August 19, 2006

 Studies on Schistosoma haematobium... ( Cont.. 3)

LITERATURE REVIEW
Cases of Schistosoma haematobium infection, the dominant form of human schistosomiasis in Nigeria, are frequently encountered in schools, hospitals and clinics in various parts of this country (Edungbola et al., 1988). School age children usually present the highest prevalence and intensity of S. haematobium infections (Jordan et al., 1993): Review on S. haematobium infection or otherwise urinary schistosomiasis in school children is large, but early reports of S. haematobium infections in Ile-Ife are limited. Nonetheless studies on the disease have been carried out by researchers in other parts of Nigeria, Africa and around the world.

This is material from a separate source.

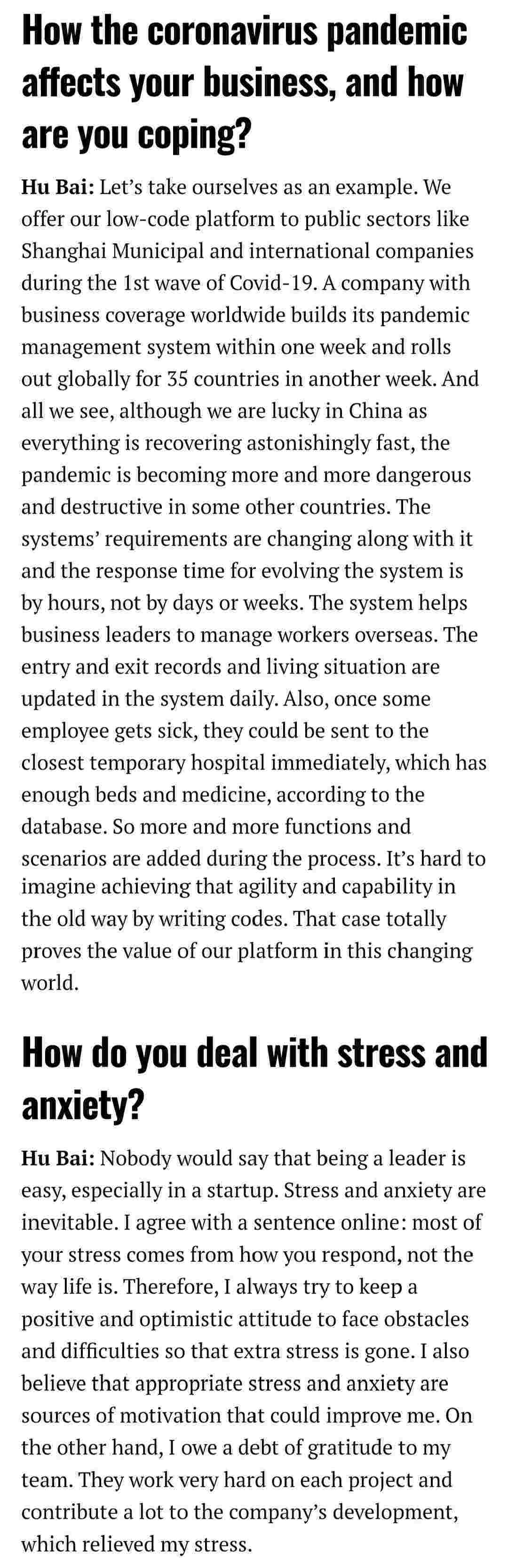 2021年年初,,,爱湃斯科技CEO胡柏受邀接受法媒Startup.info的专访,,,与Startup info的读者分享了自己的创业经历、、以及低代码平台钱能钱包的创新之处。。。。

Amole and Jinadu (1994) conducted a study on urinary schistosomiasis among 553 randomly selected primary and secondary school children in Ile-Ife township in 1988.The report showed that nearly half (48.5%) of the school children were infected. There was a sharp increase in both prevalence and intensity of the infection up to age 13 years, which then declined slightly by age 14. Moreso, about 50% of the infected school children had gross haematuria and there was an association between the intensity of infection and the presence of haematuria. In a report conducted by Adewunmi et al. (1990) in Ile-Ife, showed that the transmission of S. haematuria in a stream only occurred in the dry-season.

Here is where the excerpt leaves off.